Studies try to get handle on coyotes in N.C.
Posted to: News North Carolina
Currituck County, N.C.
North Carolina wildlife biologist Colleen Olfenbuttel was driving in Pender County on Interstate 40 last Sunday afternoon when a coyote came out of the woods, looked to one side and then to the other, waited for a couple of cars to pass, and then crossed the road.
"We went by and he went across right behind us," she said. "Most animals bolt."
Coyotes are the only animal she knows that looks both ways before crossing the road, said Olfenbuttel, who specializes in bear and furbearing animals for the North Carolina Wildlife Resources Commission.
Four different studies are either under way or soon will be to discover more about coyotes, including two studies in parts of Hyde, Dare, Washington and Tyrrell counties.
"There is a lot of interest," Olfenbuttel said. "They are the most successful animal and most adaptable in North Carolina."
Typically perceived as western animals, coyotes began appearing in North Carolina in the 1930s, but most of those were animals brought here for hunting.
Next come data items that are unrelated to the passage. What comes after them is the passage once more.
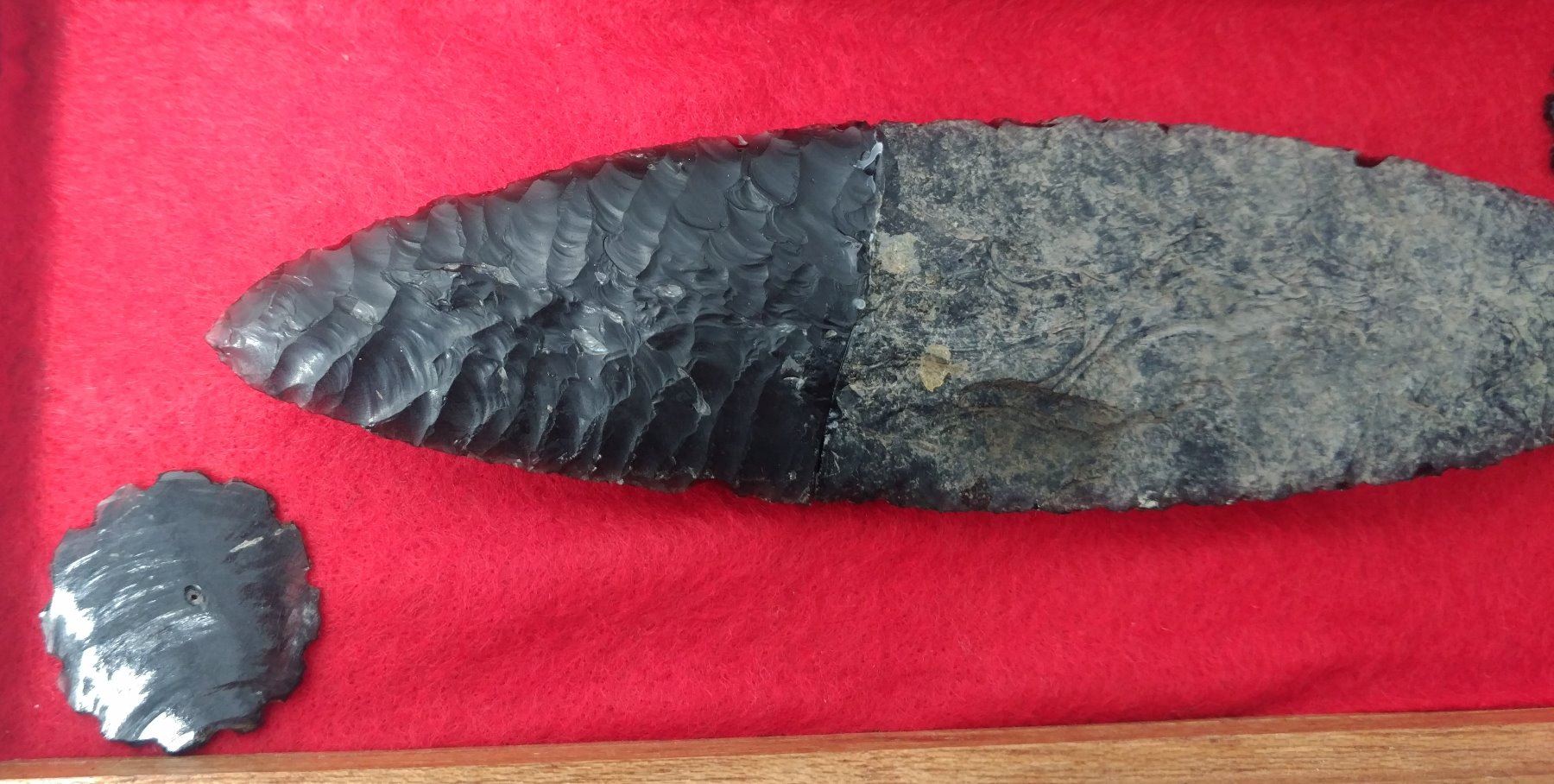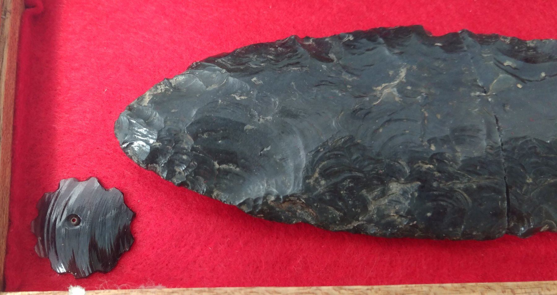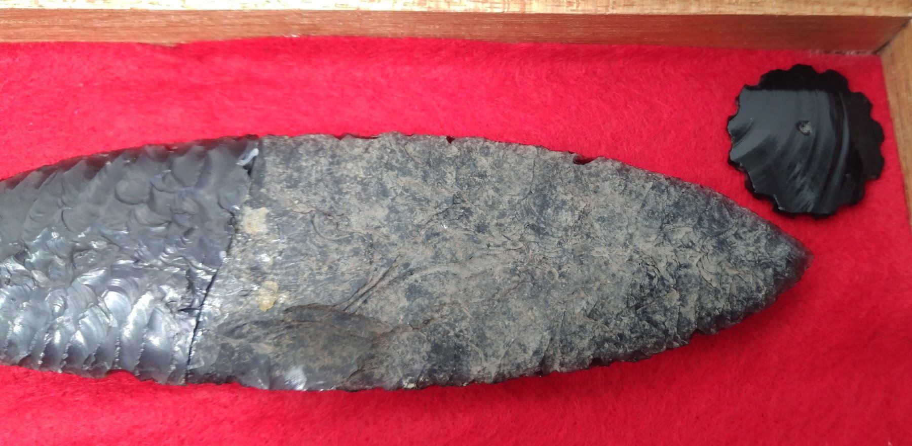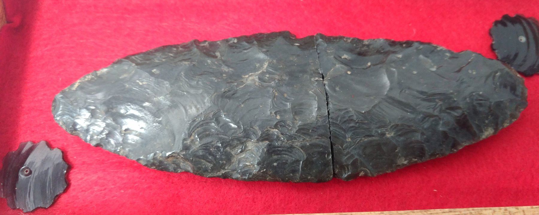 Pair of Pre-Columbian Blades, pre-Columbian items. Made of obsidian, each blade is approx. 7" long. Colima, Mexico. Also 4 obsidian discs, 1" wide x 1/16" thick. Frames included. Condition: Both found in two pieces and glued, see images. Shipping: $24.50 w/insurance and signature.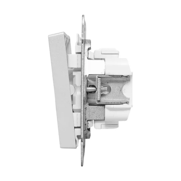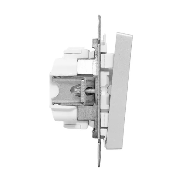 Универсальный механизм выключателя совместим как с медной, так и с алюминиевой проводкой, что делает его удобным для монтажа в любых типах жилых и коммерческих помещений.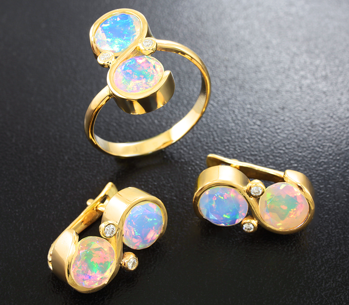Комплект с ограненными эфиопскими опалами и бриллиантами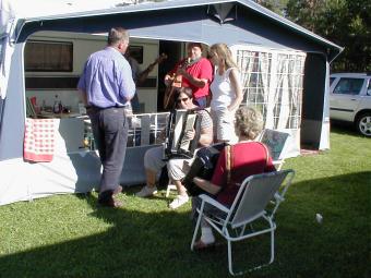 | Buskspill på campingplassen | Mer campingbusk, deler av Trysil 2rader'n varmer opp til kveldens spilleøkt. |
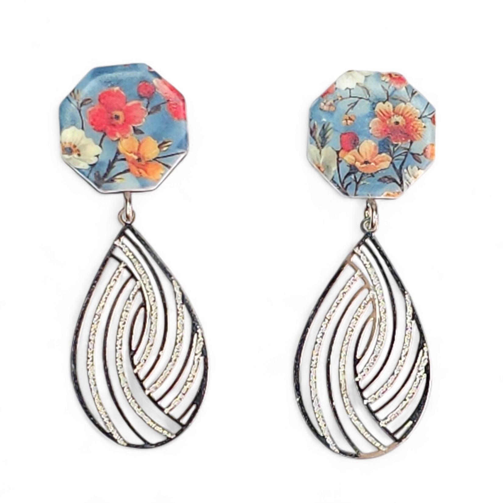 Κρεμαστά πολύγωνα σκουλαρίκια με τεχνική μεταφοράς εικόνας σε πολυμερικό πηλό και ατσάλινα δαντελένια φιλιγκράν σε σχήμα δάκρυ.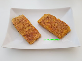 Ho messo in un piatto l’amaranto e lo zafferano che ho utilizzato ad impanare il salmone, poi ho messo un goccio di olio in una padella ed ho fatto cuocere il salmone per un paio di minuti per lato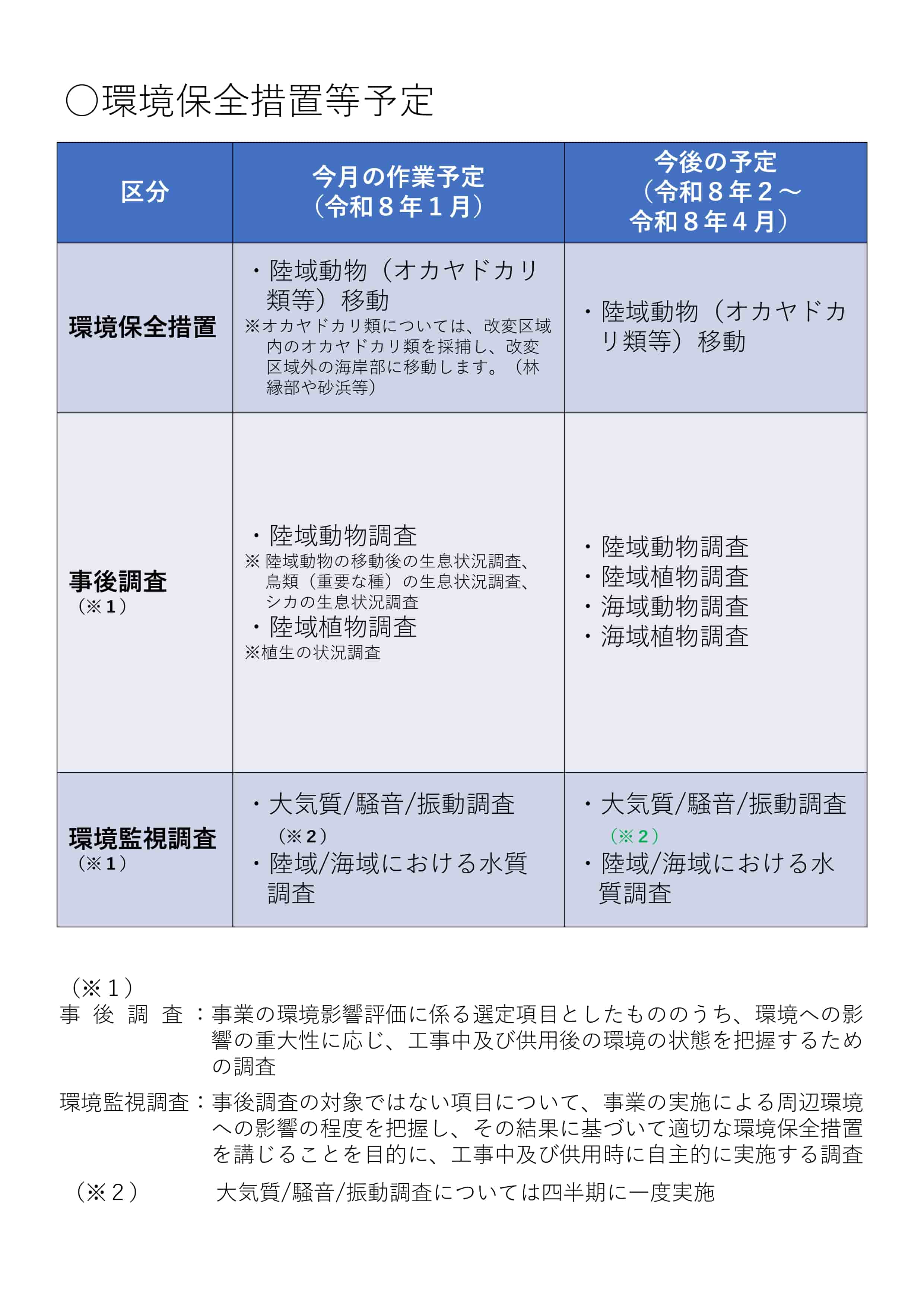 環境保全措置等予定
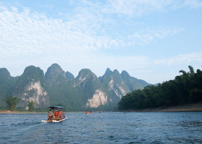漓江發源于興安縣貓兒山,從桂林到陽朔83公里水程,漓江像蜿蜒的玉帶,纏繞在蒼翠的奇峰中,造化為世界上規模最大、景色最為優美的巖溶景區。乘舟泛游漓江,可觀奇峰倒影、碧水青山、牧童悠歌、漁翁閑吊、古樸的田園人家、清新的呼吸——一切都那么詩情畫意。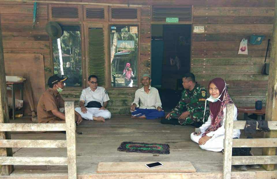 Kepala Desa Kuala Indah dan petugas saat di rumah warga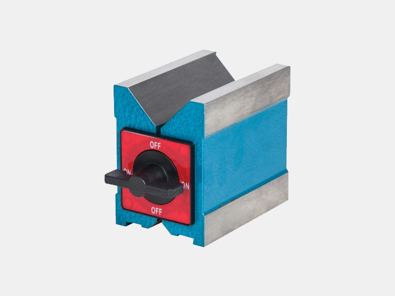 The block comprises of permanent , powerfull magnet. The holder exerts a magnetic force on the upper, lower and V-channel surfaces. Magnetic force is simply switched off by means of a lever. On-off switch for positioning and removal.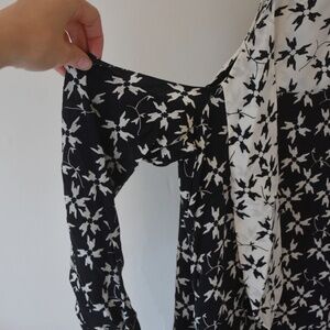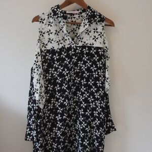Tanya Taylor open shoulder, black and white floral pinwheel dress (US 6)

Coyotes also began migrating here naturally in larger numbers by the early 1990s and were established statewide in 2005, Olfenbuttel said.
Coyotes are hard to trap, difficult to hunt, and adaptable to most any environment, whether it be forests, swamps, the coast, rural, urban or suburban.
If coyote numbers fall from disease or hunting, they have larger litters to make up for it. If one catches a whiff of a hunter in the wind, it will disappear for a while. If a trap misses, then that coyote will likely never be caught in a trap.
They really are wily coyotes.
"Coyotes are opportunistic," Olfenbuttel said. "They learn quickly."
The jury is out on what effect the growing number of coyotes is having. Population counts are not available, but coyotes are known to exist in all 100 counties in the state, she said.
At least one report says coyotes could be responsible for declines in deer population in the southeastern United States.
That is not the case in North Carolina, said Chris Turner, a state wildlife biologist in northeastern North Carolina. Deer herds are generally healthy.
"Only time will tell," he said. "Coyotes are not strong deer predators. They eat lots of things."
Research on the scat, or waste, of one coyote showed it practically lived on grasshoppers. Mice, rabbits, bugs, garbage and pet food are also on the menu.
Coyotes have been known to take pets and small livestock. Attacks on people happen when coyotes either have rabies or have been fed by humans and lost their fear of them, Olfenbuttel said. There are no reports of coyotes attacking people in North Carolina.
Hunting season is open year round for coyotes, which helps them maintain a healthy fear of humans and reduces conflicts, Olfenbuttel said.